Birmingham, our hometown and the largest metro area in Alabama, was founded in the 1870’s and grew rapidly thanks primarily to a burgeoning iron and steel industry (a suburb of Birmingham is named after the Bessemer process).  Iron ore, coal, and limestone were all readily available in the area.  Over several millennia, steel production advanced through both big leaps and incremental improvements, changing the world in the process.

To know steel, we must first understand iron, for the metals are nearly one and the same.

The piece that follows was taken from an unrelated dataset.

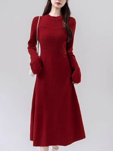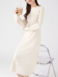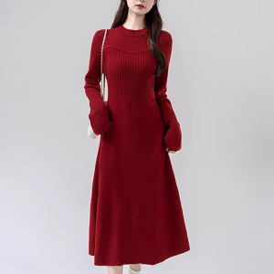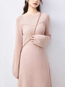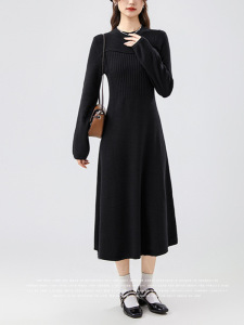 法式温柔风针织连衣裙女秋季收腰设计感女装圆领中长裙显瘦毛衣裙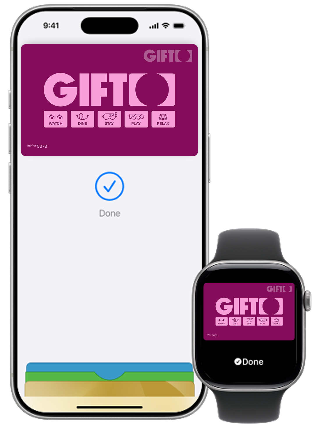 Apple Pay lets you use your GIFTO in stores, online and in apps using your iPhone or Apple Watch — no physical card needed.

Steel contains an iron concentration of 98 to 99 percent or more.  The remainder is carbon—a small additive that makes a major difference in the metal’s properties.  In the centuries and millennia before the breakthroughs that built skyscrapers, civilizations tweaked and tinkered with smelting techniques to make iron, creeping ever closer to steel.  Around 1,800 BC, a people along the Black Sea called the Chalybes wanted to fabricate a metal stronger than bronze — something that could be used to make unrivaled weapons.  They put iron ores into hearths, hammered them, and fired them for softening.  After repeating the process several times, the Chalybes pulled sturdy iron weapons from the forge.  What the Chalybes made is called wrought iron, one of a couple major precursors to modern steel.  They soon joined the warlike Hittites, creating one of the most powerful armies in ancient history.  No nation’s weaponry matched a Hittite sword or chariot.

Steel’s other younger sibling, so to speak, is cast iron, which was first made in ancient China.  Beginning around 500 BC, Chinese metalworkers built seven-foot-tall furnaces to burn larger quantities of iron and wood.  The material was smelted into a liquid and poured into carved molds, taking the shape of cooking tools and statues.  Neither wrought nor cast iron was quite the perfect mixture, though.  The Chalybes’ wrought iron contained only 0.8 percent carbon, so it did not have the tensile strength of steel. Chinese cast iron, with 2 to 4 percent carbon, was more brittle than steel.  The smiths of the Black Sea eventually began to insert iron bars into piles of white-hot charcoal, which created steel-coated wrought iron.  But a society in South Asia had a better idea. India would produce the first true steel.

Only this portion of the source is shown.